- THE DATA
◇ ◇ ◇ ◇

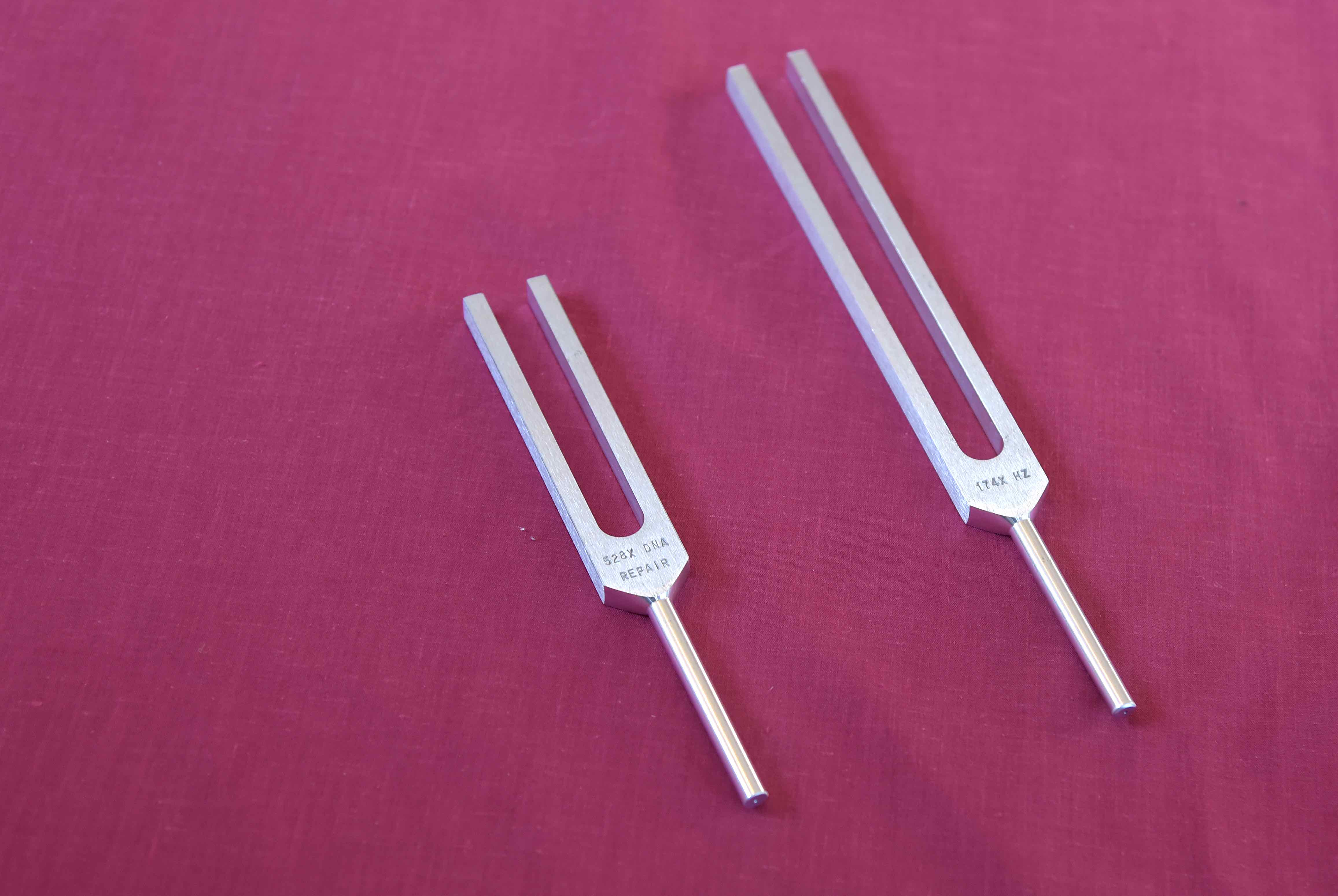 - how to work with 2 unweighted tuning forks off the body in the aura / biofield and close to the ears
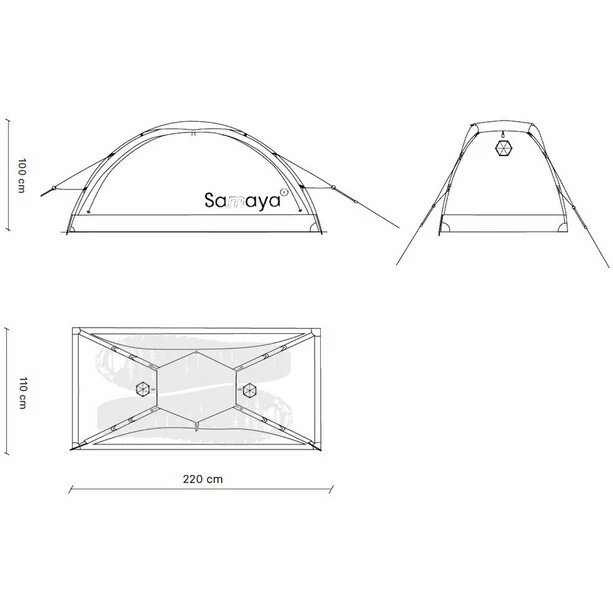 The Samaya2.0 tent is the smallest model in the ALPINE range. This tent, originally developed for 2 persons with a rectangular ground plan, is also the ideal equipment for those who are looking for a large single-seater tent with an unbelievable interior comfort.
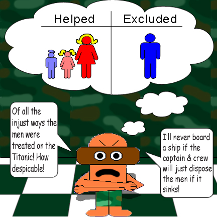 Women have other strengths to make up for that physical disadvantage in weightlifting. Perhaps men, on the average, are physically stronger, but quite often, women are socially stronger! There are times when men are treated like disposable people. When that famous ship the Titanic sank into the ocean, the captain & crew helped the women & children, but not the men; they expected the men to "be tough". Over a thousand men died in that tragedy; more men than women died when that ship sank. One man actually dressed up as a woman to survive that tragedy! However, he was called a coward for doing that. This is known as the Women & Children First Saying. Male children (boys) would be helped by the captain & crew; but when they grow up & become men, then they would be treated like disposables! No more help from the captain & crew! At least female children (girls) will never have to worry about that when they grow up! Then again, women mourn the dead men they loved, so it's kind of bad for the ladies, too.
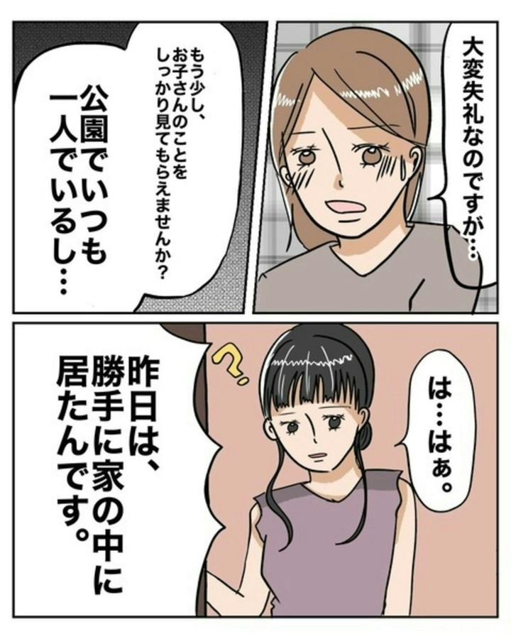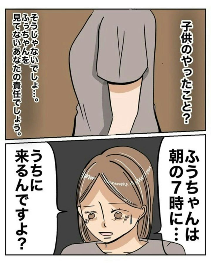 勝手に他人の家の中に入ってきたことに対し、「鍵を閉めてなかったんですか?」と、まったく悪びれる様子がないふぅちゃんのママ。

◇ ◇ ◇ ◇

- TRY IT
The lines from the start of the data through the line that contains "The Samaya2.0 tent" are to be returned exactly, please, with both ends included and every picture left out.

- OUTPUT FOR THIS EXERCISE
 - how to work with 2 unweighted tuning forks off the body in the aura / biofield and close to the ears
 The Samaya2.0 tent is the smallest model in the ALPINE range. This tent, originally developed for 2 persons with a rectangular ground plan, is also the ideal equipment for those who are looking for a large single-seater tent with an unbelievable interior comfort.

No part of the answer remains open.